En 1945 Edgar G. Ulmer tente de sortir de l’ombre en filmant celles d’un film noir qui ne dit pas encore son nom, mais en possède déjà des codes dont on pourra s’inspirer par la suite. Le réalisateur n’a pas le sou et tourne en quelques jours ( deux semaines ? ) une histoire parfaitement adaptée du livre de Martin Goldsmith, à la seule différence notoire pour son violoniste qui devient pianiste de bar. Le reste est conforme à l’histoire du gars qui se trouve à la mauvaise place au mauvais moment. Un enchaînement de circonstances le conduit à toucher le fond, et même pire quand une femme qu’il pensait aider, appuie là où ça fait encore plus mal. Ca dure une petite heure, c’est plaisant, avec deux acteurs qui s’en tirent plutôt pas mal.

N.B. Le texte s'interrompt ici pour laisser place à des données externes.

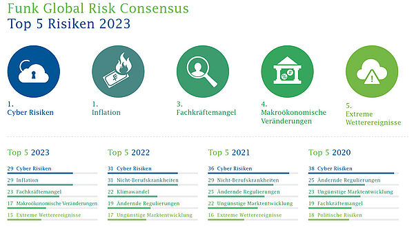 Die Risikolandschaft für Unternehmen hat sich in den letzten zwölf Monaten stark verändert. Trotz regem Infektionsgeschehen ist die Pandemie bzw. das Krankheitsrisiko wieder in den Hintergrund gerückt. Dafür führt nun die Inflation mit dem Dauerbrenner Cyber-Risiken die Rangliste der Top 5 des Funk Global Risk Consensus 2023 an. Der Ukraine-Krieg und die Konjunkturprogramme der Regierungen als Reaktion auf den wirtschaftlichen Abschwung während und nach der Pandemie hinterlassen deutliche Spuren in der Risikoeinschätzung von Unternehmen. Zurück in den Top 5 ist auch der Fachkräftemangel.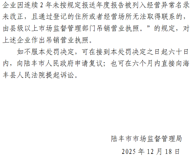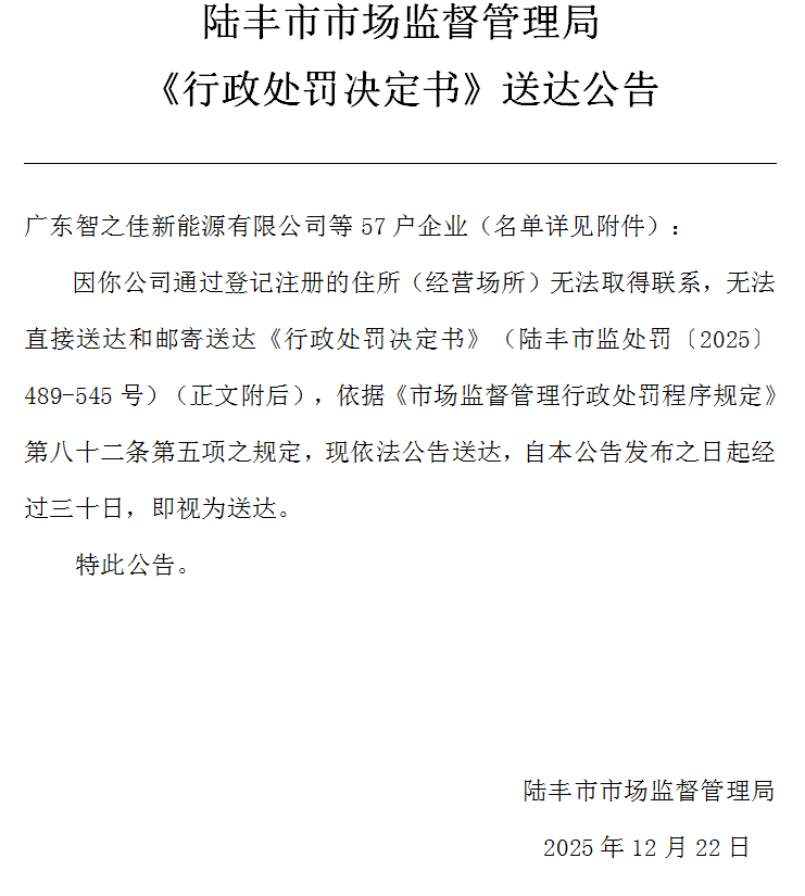 陸豐市市場監(jiān)督管理局《行政處罰決定書》送達公告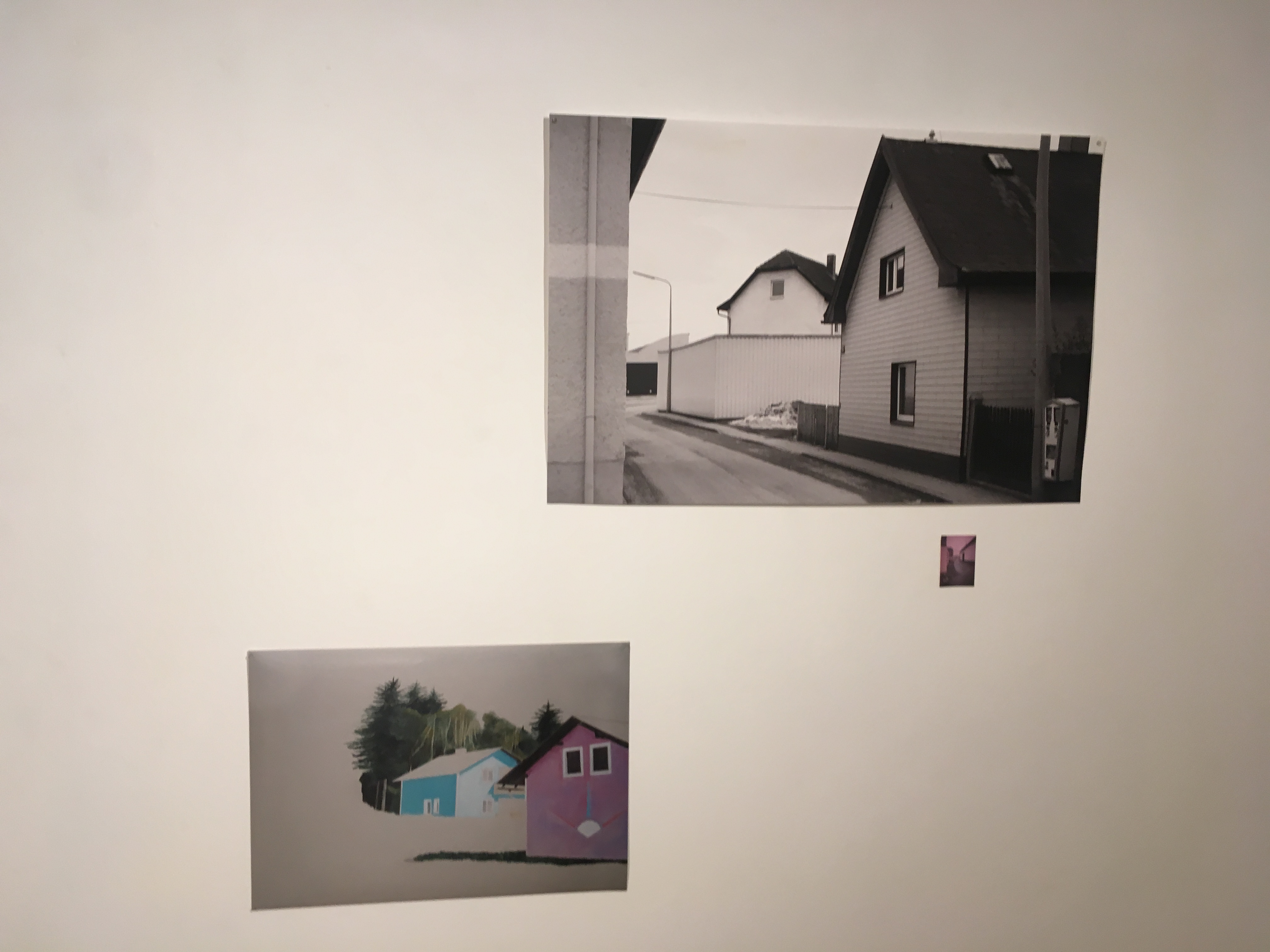 Am Anfang dieser Ausstellung ist eine Fotografie von Reinhard Winkler in schwarz weiß zu sehen, sie zeigt Häuser im Vorort, Häuser aus den 60er oder 70er Jahren, Häuser, deren Heimeligkeit sich darin begründet, dass sie eine gemeinsame Erinnerung an Unheimeligkeit auslösen. Und daneben ein Bild von Isa Riedl, das ohne vom anderen zu wissen eine Verbindung herstellt zu Winklers Fotografie: Im Hintergrund und wie von einem weißen Schleier verhüllt – einem Fehler auf dem Film, der auf die Leinwand übertragen wird – zeigt sie eine Regenrinne, Straßenlaternen und Dachansätze, ein weiteres Bild von Isa Riedl zeigt zwei Vorstadthäuser, die wiederum in ihrem Verhältnis zueinander und in ihrer Unspektakularität Winklers Fotografie ähnlich zu sein scheinen.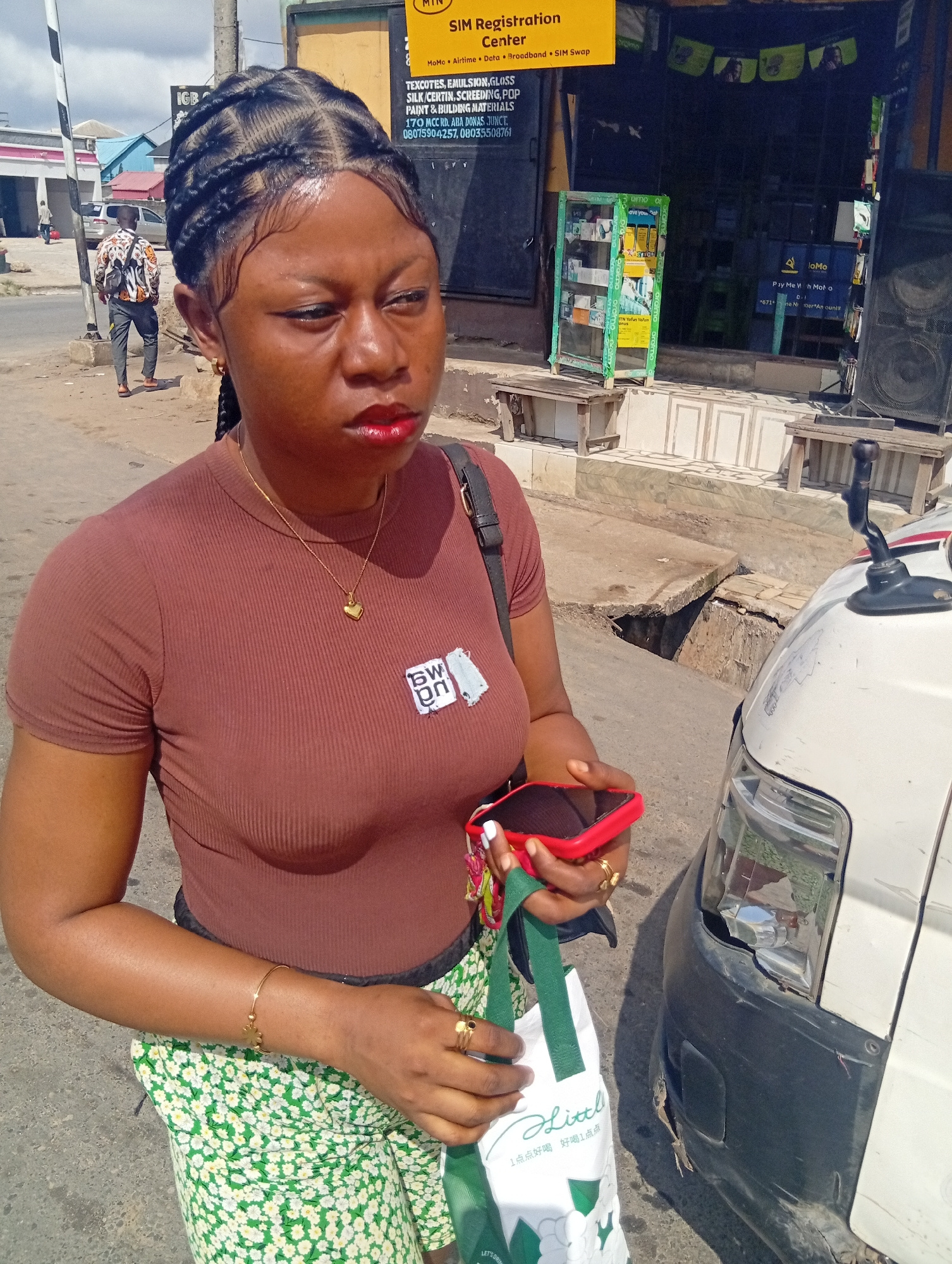 A medium shot captures a woman standing on a city street. She is wearing a brown t-shirt, a gold necklace with a heart pendant, a gold bracelet, and a green floral skirt. She holds a red smartphone an…read more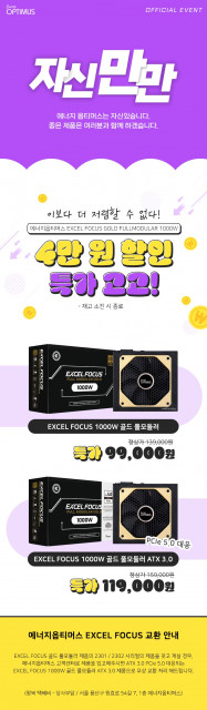 에너지옵티머스 ‘EXCEL FOCUS 1000W 80PLUS GOLD FULL MODULAR ATX 3.0’ 4차 추가 입고 물량 완판 기념 할인 이벤트 진행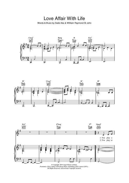 Digital Sheet Music for Love Affair With Life by Sade Adu, Ray St. John, Sade scored for Piano/Vocal/Chords; id:402305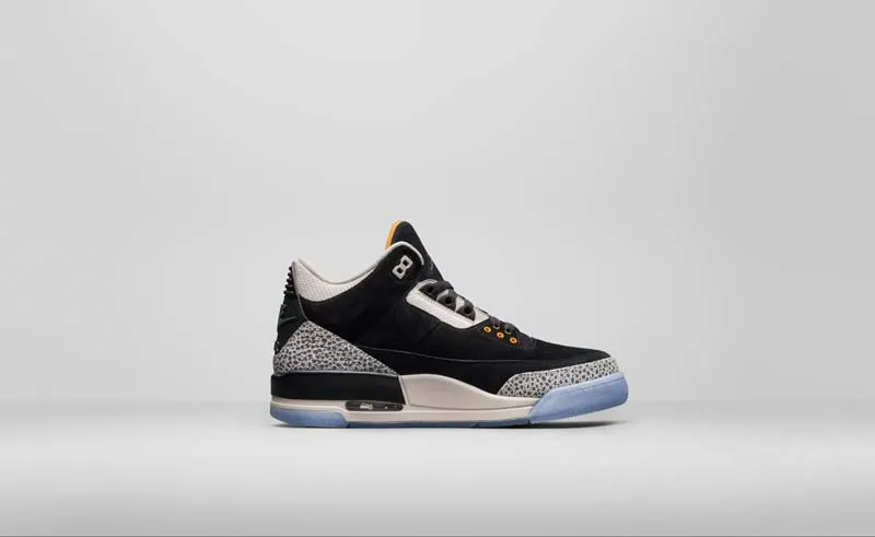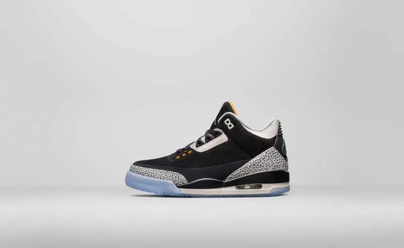 Les ingrédients classiques de la Jordan III sont là, avec l'elephant print, qui vient accentuer une tige noire et blanche en daim. Quelques touches de jaune et une semelle translucide viennent compléter le coloris.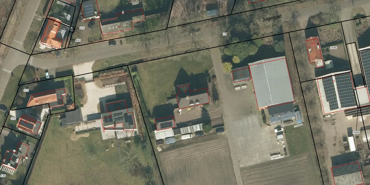 Het perceel waarop Jagerpad 29 staat heeft een oppervlakte van 2,1 ha. Dit is een zeer groot perceel. De perceeloppervlakte wordt geregistreerd door het Kadaster. Gedetailleerde informatie over de maten van dit perceel kunt u vinden in het rapport Kadastrale kaart met maatvoering van Jagerpad 29.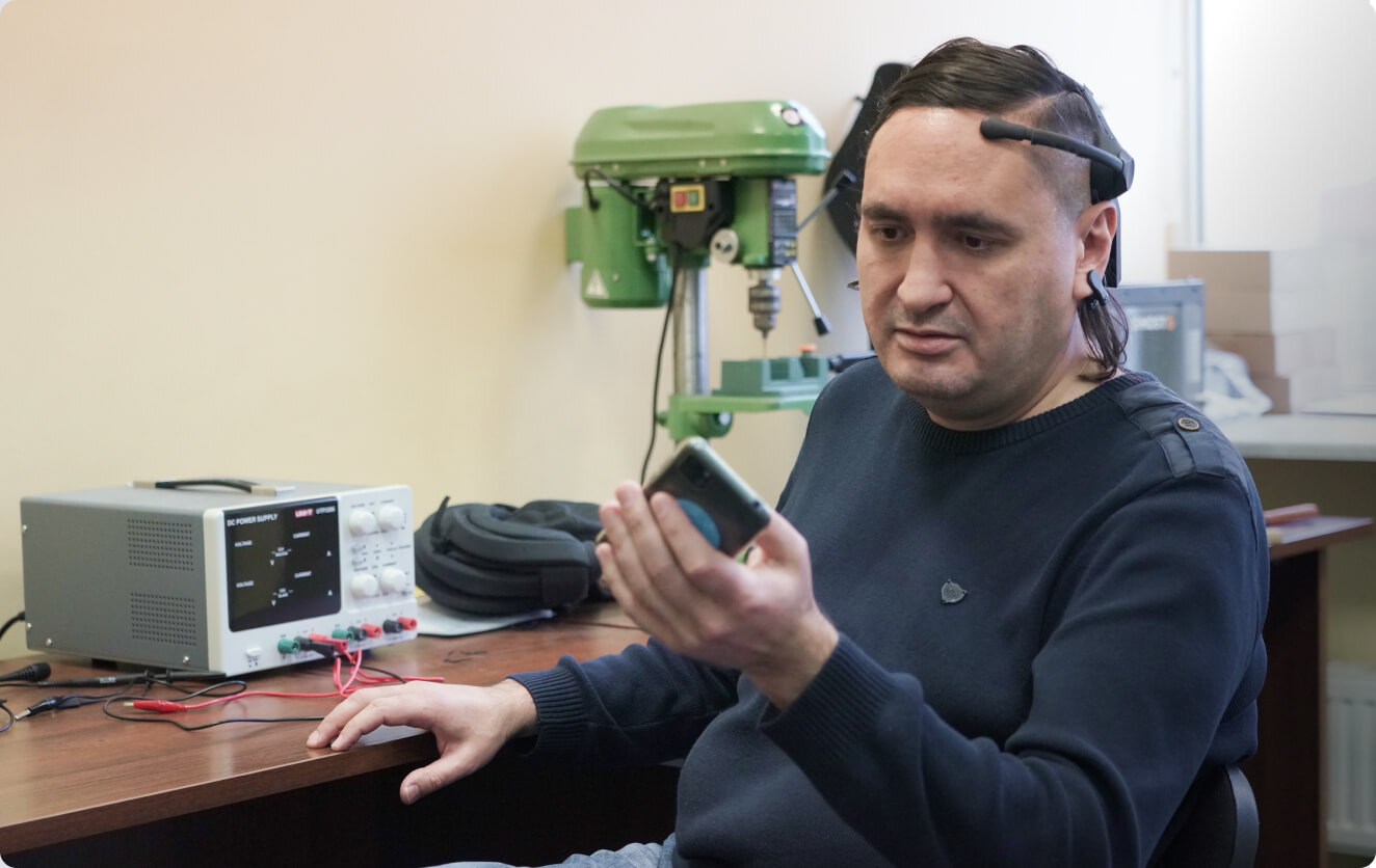 Устройство состоит из нейрогарнитуры, которую можно вмонтировать в каску, танковый шлем или фуражку, и специального приложения для смартфона.

Initialement prévu pour être une série B à petit budget, ce film noir a été reconnu comme l'un des meilleurs de son époque. Effectivement, le film est l'un des plus courts du cinéma (67 mn). Maintenant, de là à l'encenser comme un petit chef-d'œuvre, il existe des limites que je ne franchirai pas. J'ai accroché à l'intrigue par le ton narratif du début et l'image sombre, presque lugubre durant l'intégralité de l'histoire et j'ai été séduit par le jeu de l'acteur principal Tom Neal. En dehors de cela, le scénario est minimaliste et il manque l'étincelle qui aurait pour faire briller de mille feux ce road-movie pour qu'il atteigne le rang de merveille. Le manque de moyen est évident et Edgar G. Ulmer a dû faire au plus court pour boucler son film en six jours. Néanmoins, il est intéressant à suivre et l'on a envie de connaître l'issue. Claudia Drake et Ann Savage sont des actrices inconnues à mon répertoire mais la seconde mérite une mention particulière pour son interprétation de petite peste insupportable dans la peau de Vera, bien que son rôle soit à la frontière de l'acceptable. Je ne connais pas beaucoup de personnes qui accepteraient de se laisser mener en bateau par une donzelle indomptable aux allures de chat écorché vif. Une rareté à découvrir.

 

Un classique du film noir tourné en quelques jours avec un scénario plutôt bien écrit mais qui manque d'audace. La mise en scène est très réussie et Tom Neal campe un pauvre type malchanceux avec brio face à une insupportable Ann Savage qui est parfaite dans la peau de son personnage. Mais l'ensemble manque de charme, la durée du film ne permettant pas de bien rentrer dans l'univers.